* _Assigned task_
Skip the pictures and give back the rest of the listing exactly.

* _Information provided_
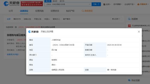 天眼查法律诉讼信息显示,近日,张若昀与梁某人格权纠纷案件新增开庭公告,原告为张若昀,该案将于5月9日在剑阁县人民法院开庭审理。
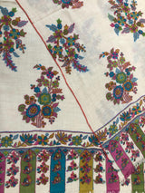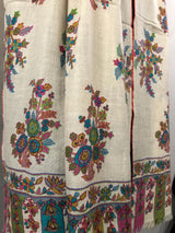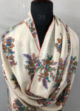 Off white floral print and outlined embroidered GI certified handcrafted real cashmere pashmina stole, shawl, Womens scarf
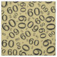 This design is a cool gold and black, graphic, number pattern with the number 60 repeated in varied sizes and angles in an all-over print.

* _Answer area_
 天眼查法律诉讼信息显示,近日,张若昀与梁某人格权纠纷案件新增开庭公告,原告为张若昀,该案将于5月9日在剑阁县人民法院开庭审理。
 Off white floral print and outlined embroidered GI certified handcrafted real cashmere pashmina stole, shawl, Womens scarf
 This design is a cool gold and black, graphic, number pattern with the number 60 repeated in varied sizes and angles in an all-over print.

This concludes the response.